README.md · yuyangmu125/uie-base-chinese at main

UIE(Universal Information Extraction)

Introduction

UIE(Universal Information Extraction) is an SOTA method in PaddleNLP, you can see details here.
Paper is here

Usage

I save the UIE model as a entire model(Ernie 3.0 backbone + start/end layers), so you need to load model as:

1. clone this model to your local path

git lfs install
git clone https://huggingface.co/xyj125/uie-base-chinese

If you don't have [git-lfs], you can also:

Download manually by click [Files and versions] at Top Of This Card.
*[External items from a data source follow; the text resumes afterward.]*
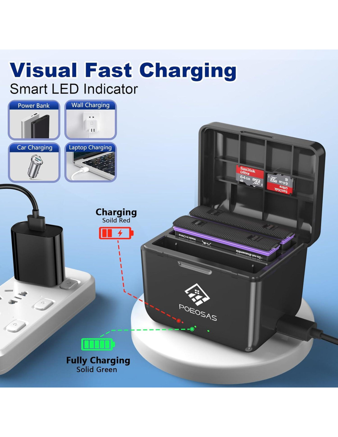 - Batería 360 x4 Segura y Confiable: El cargador de batería 360 x4 de 2 Pack 2500 mAh POEOSAS está equipado con múltiples protecciones de seguridad, incluyendo sobrecarga, sobrecorriente, protección contra sobrevoltaje. Proporcionará protección total para ti y tu dispositivo
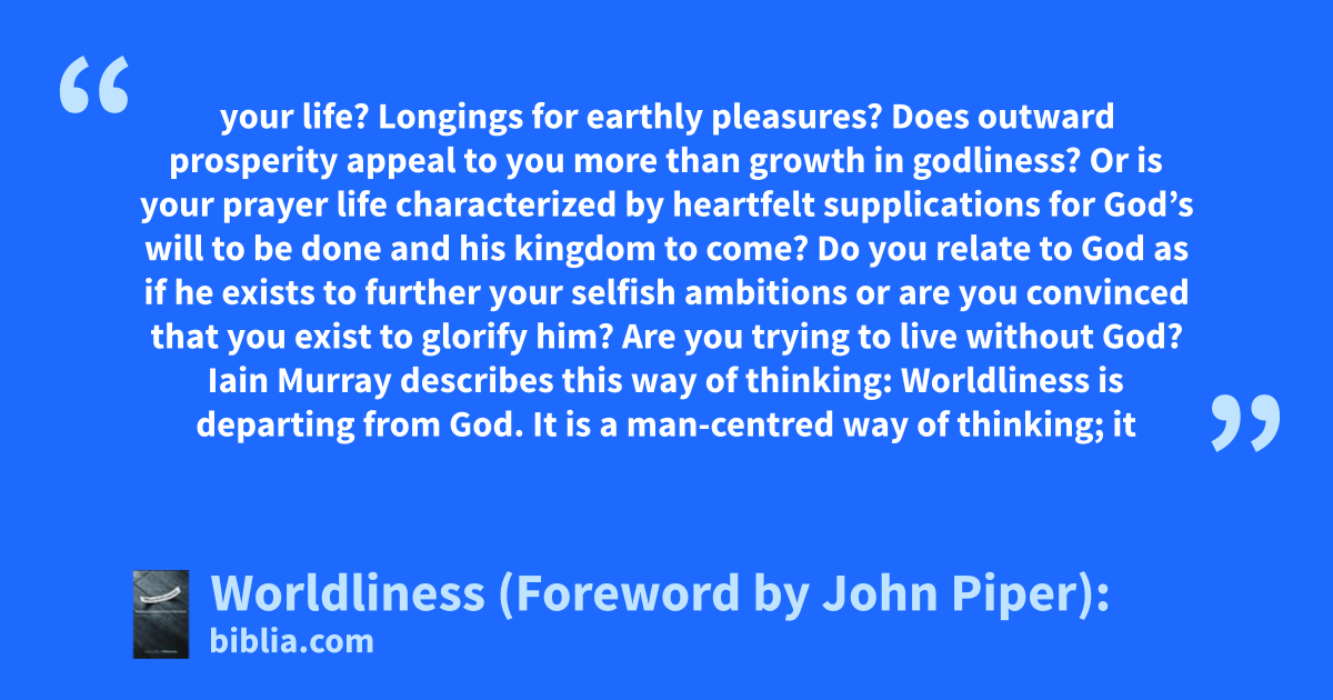 your life? Longings for earthly pleasures? Does outward prosperity appeal to you more than growth in godliness? Or is your prayer life characterized by heartfelt supplications for God’s will to be done and his kingdom to come? Do you relate to God as if he exists to further your selfish ambitions or are you convinced that you exist to glorify him? Are you trying to live without God? Iain Murray describes this way of thinking: Worldliness is departing from God. It is a man-centred way of thinking; it
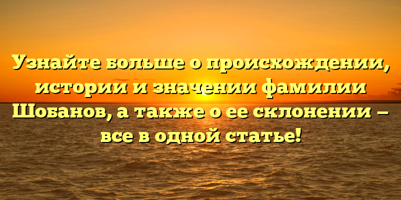 Исследуйте историю и значение фамилии Шобанов вместе с правилами ее склонения в нашей полной статье!
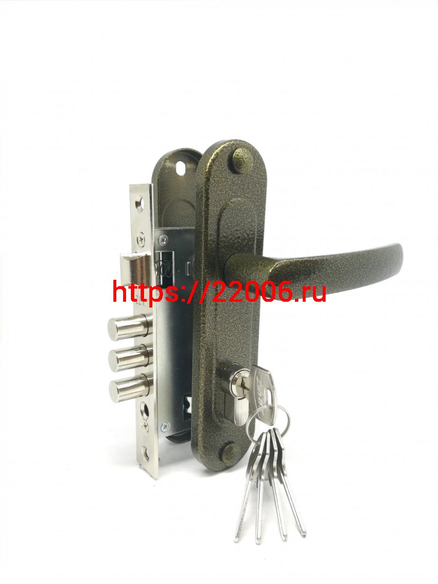 - Замок Zenit (Зенит) врезной цилиндровый с защёлкой в комплекте с ручкой ЗВ7-60.1-02 (бронза), 5 кл. в Туринске недорого
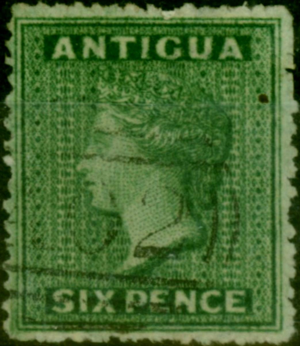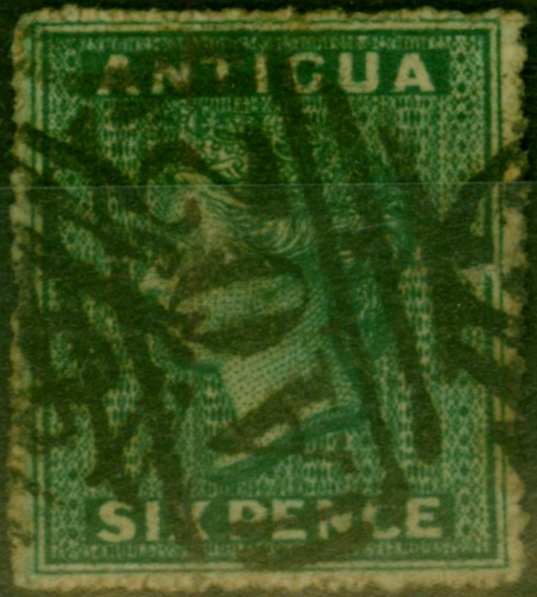 Antigua 1863 6d Green SG8a Wmk Upright Fine Used

2. load this model from local

import os
import torch
from transformers import AutoTokenizer

uie_model = 'uie-base-zh'
model = torch.load(os.path.join(uie_model, 'pytorch_model.bin'))        # load UIE model
tokenizer = AutoTokenizer.from_pretrained('uie-base')                   # load tokenizer
...

start_prob, end_prob = model(input_ids=batch['input_ids'],
                            token_type_ids=batch['token_type_ids'],
                            attention_mask=batch['attention_mask']))
print(f'start_prob ({type(start_prob)}): {start_prob.size()}')          # start_prob
print(f'end_prob ({type(end_prob)}): {end_prob.size()}')                # end_prob
...

Here is the output of model (with batch_size=16, max_seq_len=256):

start_prob (<class 'torch.Tensor'>): torch.Size([16, 256])
end_prob (<class 'torch.Tensor'>): torch.Size([16, 256])